◆ **EXERCISE MATERIALS**:

╔══

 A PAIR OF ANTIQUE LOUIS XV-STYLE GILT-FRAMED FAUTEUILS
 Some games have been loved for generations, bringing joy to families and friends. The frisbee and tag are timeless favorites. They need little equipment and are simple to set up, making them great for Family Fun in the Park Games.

╚══
╔══

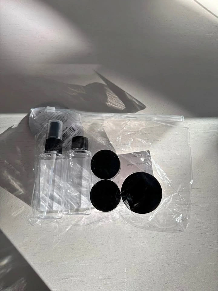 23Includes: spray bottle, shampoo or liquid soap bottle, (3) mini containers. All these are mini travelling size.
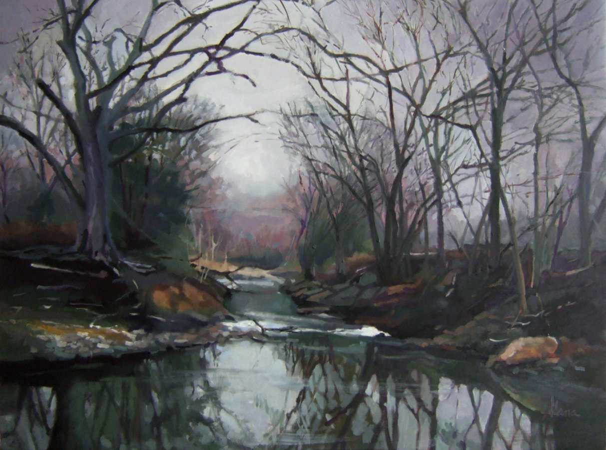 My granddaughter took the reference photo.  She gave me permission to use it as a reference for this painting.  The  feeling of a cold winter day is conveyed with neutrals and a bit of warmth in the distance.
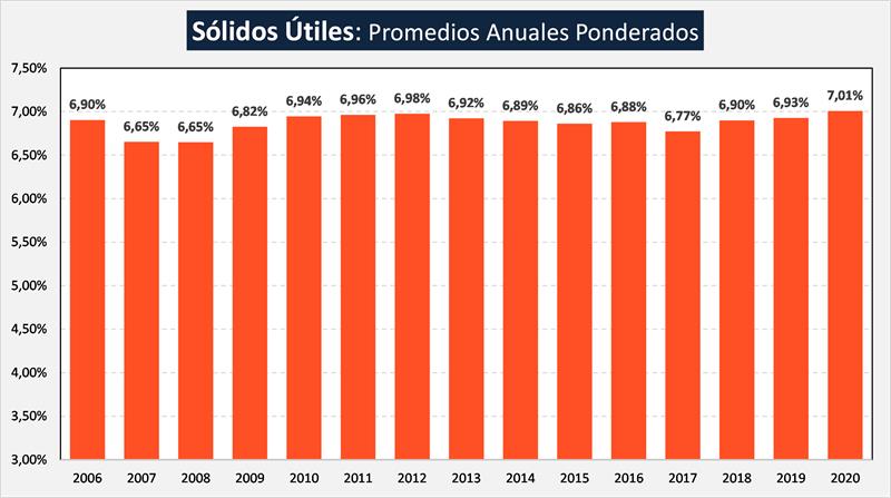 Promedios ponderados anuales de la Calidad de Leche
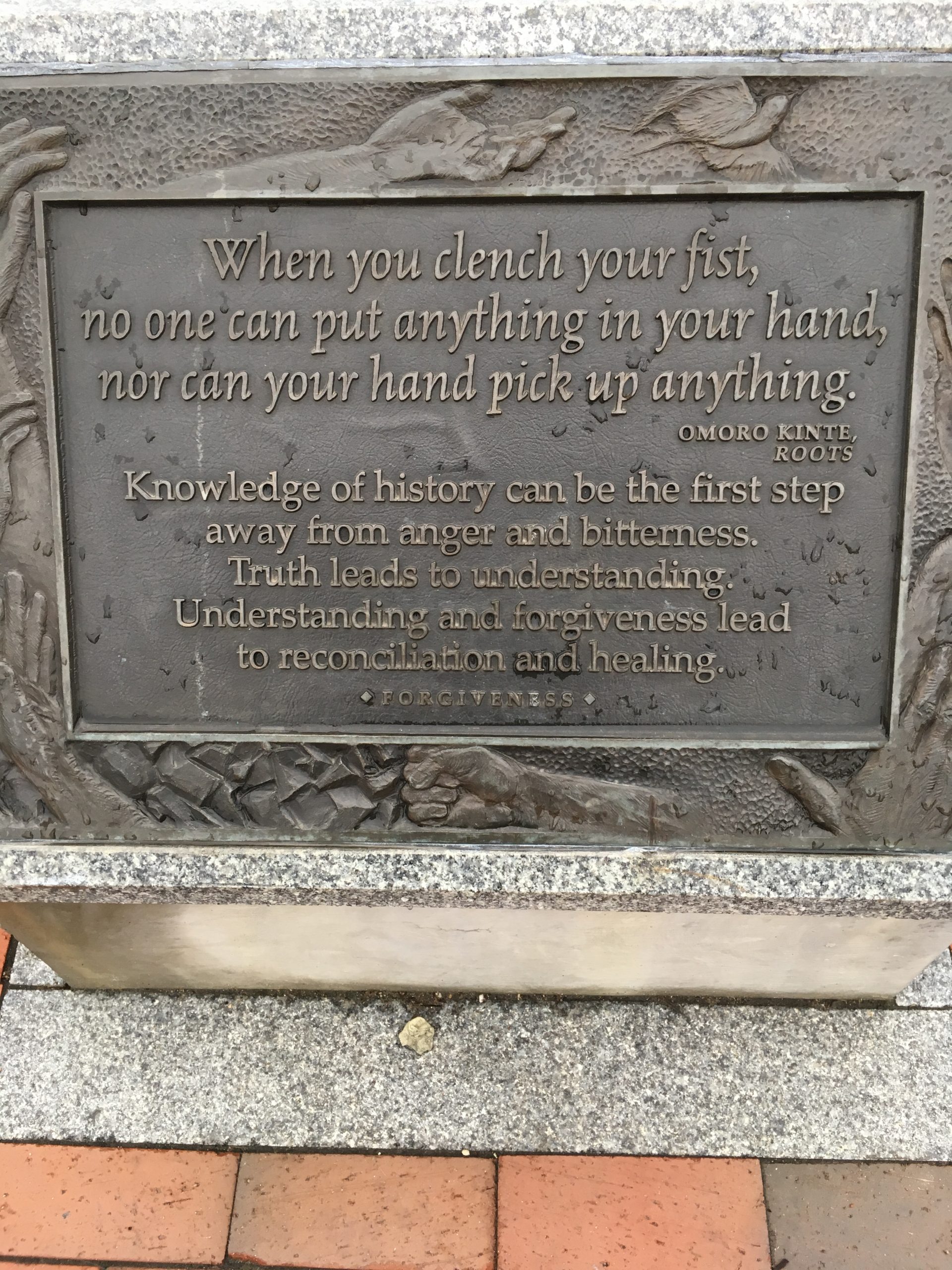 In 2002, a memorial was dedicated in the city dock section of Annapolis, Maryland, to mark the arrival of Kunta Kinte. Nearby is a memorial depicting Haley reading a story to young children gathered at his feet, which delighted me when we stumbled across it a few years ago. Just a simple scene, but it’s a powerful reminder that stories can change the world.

╚══
╔══

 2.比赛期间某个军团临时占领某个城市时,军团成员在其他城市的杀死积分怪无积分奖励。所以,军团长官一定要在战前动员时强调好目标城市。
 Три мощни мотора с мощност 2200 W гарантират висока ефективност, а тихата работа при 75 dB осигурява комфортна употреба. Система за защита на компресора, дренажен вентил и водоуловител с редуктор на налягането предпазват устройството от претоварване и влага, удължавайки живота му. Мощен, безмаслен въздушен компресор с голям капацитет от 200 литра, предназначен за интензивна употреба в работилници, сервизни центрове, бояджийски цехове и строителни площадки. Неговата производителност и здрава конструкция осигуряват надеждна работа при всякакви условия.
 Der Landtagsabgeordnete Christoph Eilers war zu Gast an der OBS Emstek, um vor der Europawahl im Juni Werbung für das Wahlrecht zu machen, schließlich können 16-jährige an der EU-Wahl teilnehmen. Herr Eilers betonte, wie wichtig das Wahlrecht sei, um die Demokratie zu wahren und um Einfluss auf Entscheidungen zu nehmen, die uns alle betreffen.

╚══

◆ **WHAT IS NEEDED**: How would the lines above read from the one with "23Includes: spray bottle, shampoo" to the one with "Promedios ponderados anuales", inclusive, with no pictures? Write them out exactly.

◆ **WRITTEN SOLUTION**:
 23Includes: spray bottle, shampoo or liquid soap bottle, (3) mini containers. All these are mini travelling size.
 My granddaughter took the reference photo.  She gave me permission to use it as a reference for this painting.  The  feeling of a cold winter day is conveyed with neutrals and a bit of warmth in the distance.
 Promedios ponderados anuales de la Calidad de Leche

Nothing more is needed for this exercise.